The district court conducts only a deferential review of the initial probable cause determination made by the magistrate [judge] regarding a search. U.S v. Stearns, 597 F.3d 540, 554 (3d Cir. 2010) (citing Illinois v. Gates, 462 U.S. 213, 236, 103 S.Ct. 2317 (1983)). “The role of a reviewing court is not to decide probable cause de novo, but to determine whether ‘the magistrate [judge] had a substantial basis for concluding that probable cause existed.'” Id. (citation omitted). In order for the reviewing court to make this determination, it “must consider the totality of the circumstances, ‘and need not conclude that it was more likely than not' that the evidence sought was at the place described.” Rivera, 524 Fed.Appx. at 825 (citation omitted). “If a substantial basis exists to support the magistrate [judge]'s probable cause finding, [the court] must uphold that finding ....” Stearns, 597 F.3d at 554. In evaluating a search warrant application, “the magistrate [judge] must ‘make a practical, common-sense decision whether, given all the circumstances set forth in the affidavit ... there is a fair probability that contraband or evidence of a crime will be found in a particular place.'” Id. (citation omitted). A search warrant can be issued even when supported by an affidavit which does not contain direct evidence linking the crime with the place to be searched. Id. “Probable cause can be, and often is, inferred from ‘the type of crime, the nature of the items sought, the suspect's opportunity for concealment and normal inferences about where a criminal might hide [evidence].'” Id. (citation omitted). “[T]he resolution of doubtful or marginal cases in this area should be largely determined by the preference to be accorded to warrants.” U.S. v. Jones, 994 F.2d 1051, 1055 (3d Cir. 1993) (citation omitted).

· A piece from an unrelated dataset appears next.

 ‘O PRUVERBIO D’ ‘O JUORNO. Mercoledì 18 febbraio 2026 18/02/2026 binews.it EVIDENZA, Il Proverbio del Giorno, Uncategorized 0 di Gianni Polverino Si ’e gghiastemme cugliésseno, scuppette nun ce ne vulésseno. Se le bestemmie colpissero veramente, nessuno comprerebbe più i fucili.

The court's “role is not to make [its] own assessment as to whether probable cause existed”, “[r]ather, [it is] constrained to determine only whether the affidavit provides a sufficient basis for the decision the magistrate judge actually made.” Jones, 994 F.2d at 1057. Thus, the district court's limited role is to determine if the four corners of the affidavit in support of the search warrant provided “the magistrate judge with a substantial basis on which to conclude that evidence of a crime would be found in the defendant['s] residence[].” Id. at 1055.

“Under the exclusionary rule ‘evidence obtained in violation of the Fourth Amendment cannot be used in a criminal proceeding against the victim of the illegal search and seizure.'” Lara-Mejia, 482 F.Supp.3d at 293 (quoting United States v. Calandra, 414 U.S. 338, 347, 94 S.Ct. 613, 38 L.Ed.2d 561, (1974)). “This prohibition also applies ‘to the fruits of the illegally seized evidence.'” Id. “The rule operates as ‘a judicially created remedy designed to safeguard Fourth Amendment rights generally through its deterrent effect, rather than a personal constitutional right of the party aggrieved.'” Id. (citations omitted).

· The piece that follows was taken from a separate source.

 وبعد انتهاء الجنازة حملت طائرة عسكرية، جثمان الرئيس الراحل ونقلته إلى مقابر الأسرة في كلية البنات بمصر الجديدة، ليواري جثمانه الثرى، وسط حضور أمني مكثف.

Generally, “the burden of proof is on the defendant who seeks to suppress evidence.” U.S. v. Johnson, 63 F.3d 242, 245 (3d Cir. 1995) (citation omitted). “However, once the defendant has established a basis for his motion, [], the burden shifts to the government to show that the search or seizure was reasonable.” Id. (citation omitted).

III. DISCUSSION

As mentioned supra, Hart has filed a pre-trial motion to suppress evidence consisting of the electronic files with child pornography content found under his “televiper” username that were contained in the Cybertip Kik sent to NCMEC arguing that Kik's monitoring of the users' files on its app constituted governmental action that was an unlawful search without a warrant in violation the 4thAmendment. Hart argues that the warrantless seizure and search of his electronic communications constituted governmental action by Kik since the statute, 18 U.S.C.A. §2258A(b), “coerced” Kik to report apparent child pornography via a Cybertip. As such, Hart contends that since he had a reasonable expectation of privacy in the communications that he made on the Kik app, “[w]hen the government coerced K[ik] into using a government backed reporting mechanism, K[ik] becomes a government actor”, and that “K[ik] violated [his] Fourth Amendment rights to be free from unreasonable searches and seizures by seizing the images and passing them along to NCMEC.” (Doc. 33 at 5-6).

The government contends that Kik is not a governmental agency and that its conduct was a private search that did not implicate the 4th Amendment.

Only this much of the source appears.